ASSIGNMENT — The lines to return run from the one containing "out the drawers." through the end of the material; give them exactly and leave out the pictures.

THE DATA —
┄┄┄┄┄┄┄┄┄┄┄┄┄┄┄┄┄┄┄┄

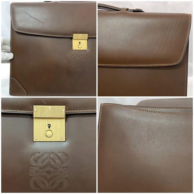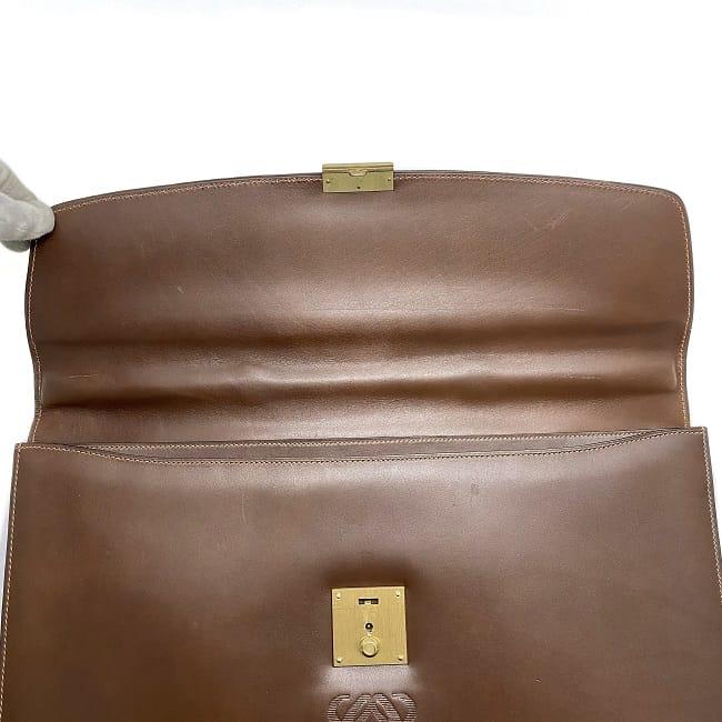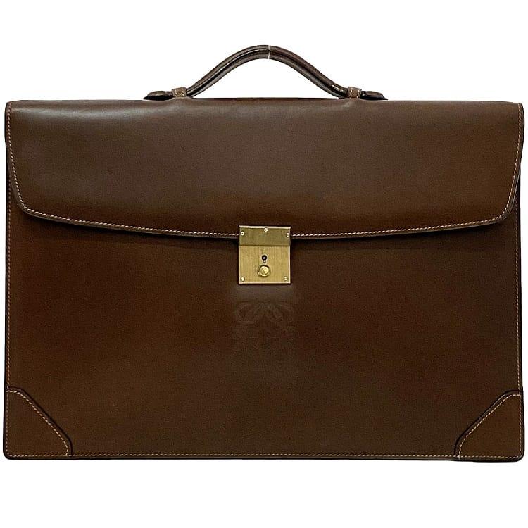 ロエベ ブリーフケース f-22440 ブラウン アナグラム 美品 レザー 中古 LOEWE ヴィンテージ フラップ シンプル ロゴ 書類バッグ ビジネスバッグ 茶色 書類 a4 レディース メンズ 本革 ロゴマーク ゴールド金具 アナグラム刻印 ブランド 本物 鑑定済み
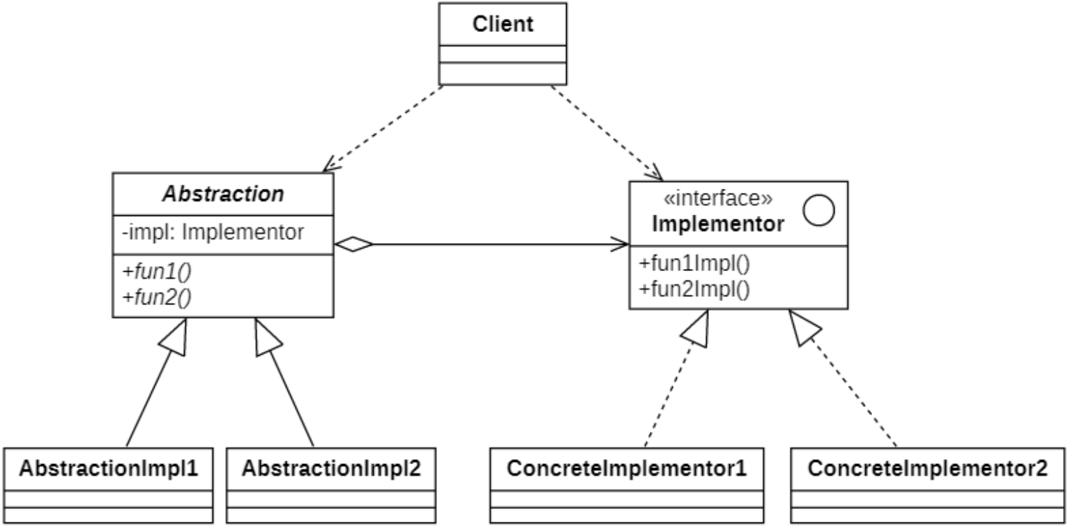Wikipediasays: The bridge pattern is a design pattern used in software engineering that is meant to "decouple an abstraction from its implementation so that the two can vary independently"桥接模式是软件工程中使用的一种设计模式,旨在 “将抽象与其实现分离,以便两者可以独立变化”
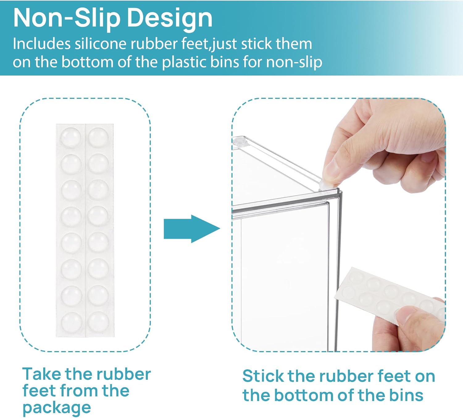 • [Built-in Handle and Non-Slip] Clear organizing containers are designed with pull-out handles, it is convenient to store and take out items.Extra silicone pads are included, add the rubber sticker dots to the bottom,our storage drawers slides in and out very effortlessly and outer frame don't move when pulled out the drawers.
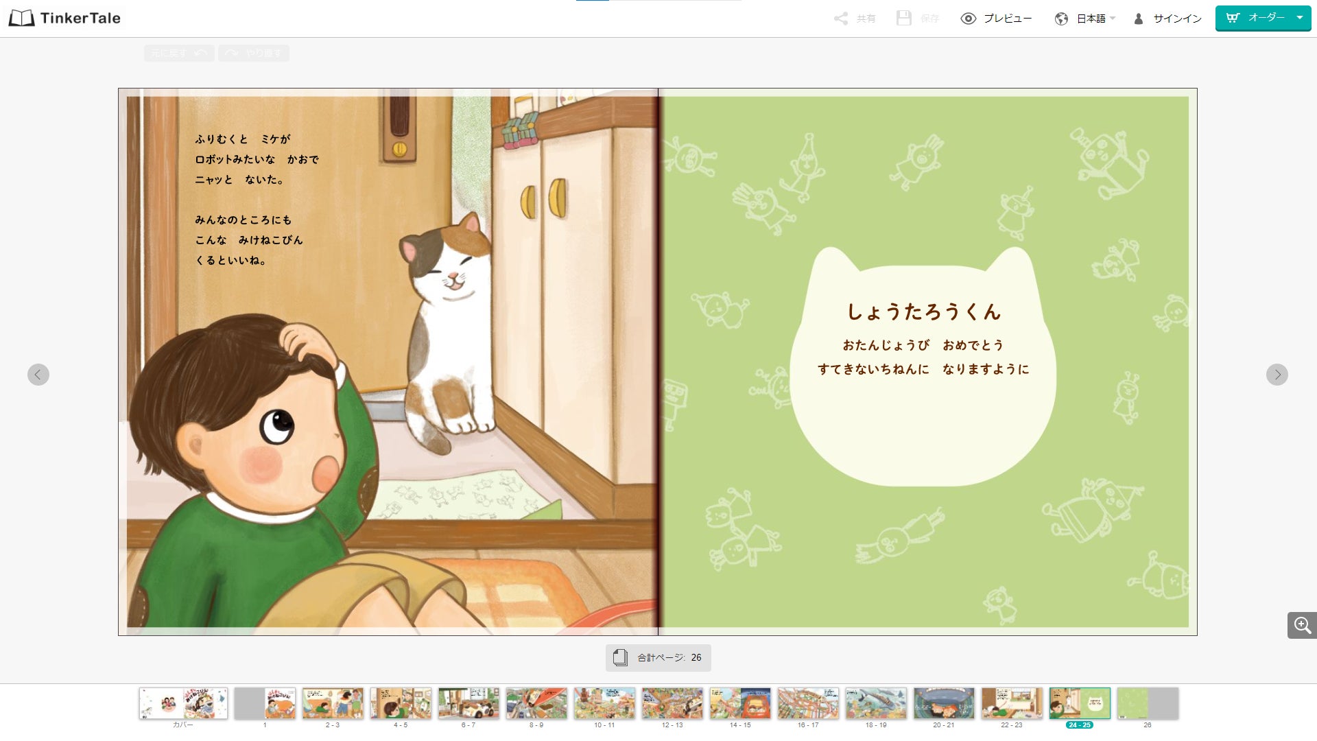 また、メッセージを添えることもでき、世界にたった一冊の絵本として、出産祝い、誕生日、入園、入学、記念日、クリスマスなどのプレゼントに最適です。

┄┄┄┄┄┄┄┄┄┄┄┄┄┄┄┄┄┄┄┄

COMPLETED TASK —
 • [Built-in Handle and Non-Slip] Clear organizing containers are designed with pull-out handles, it is convenient to store and take out items.Extra silicone pads are included, add the rubber sticker dots to the bottom,our storage drawers slides in and out very effortlessly and outer frame don't move when pulled out the drawers.
 また、メッセージを添えることもでき、世界にたった一冊の絵本として、出産祝い、誕生日、入園、入学、記念日、クリスマスなどのプレゼントに最適です。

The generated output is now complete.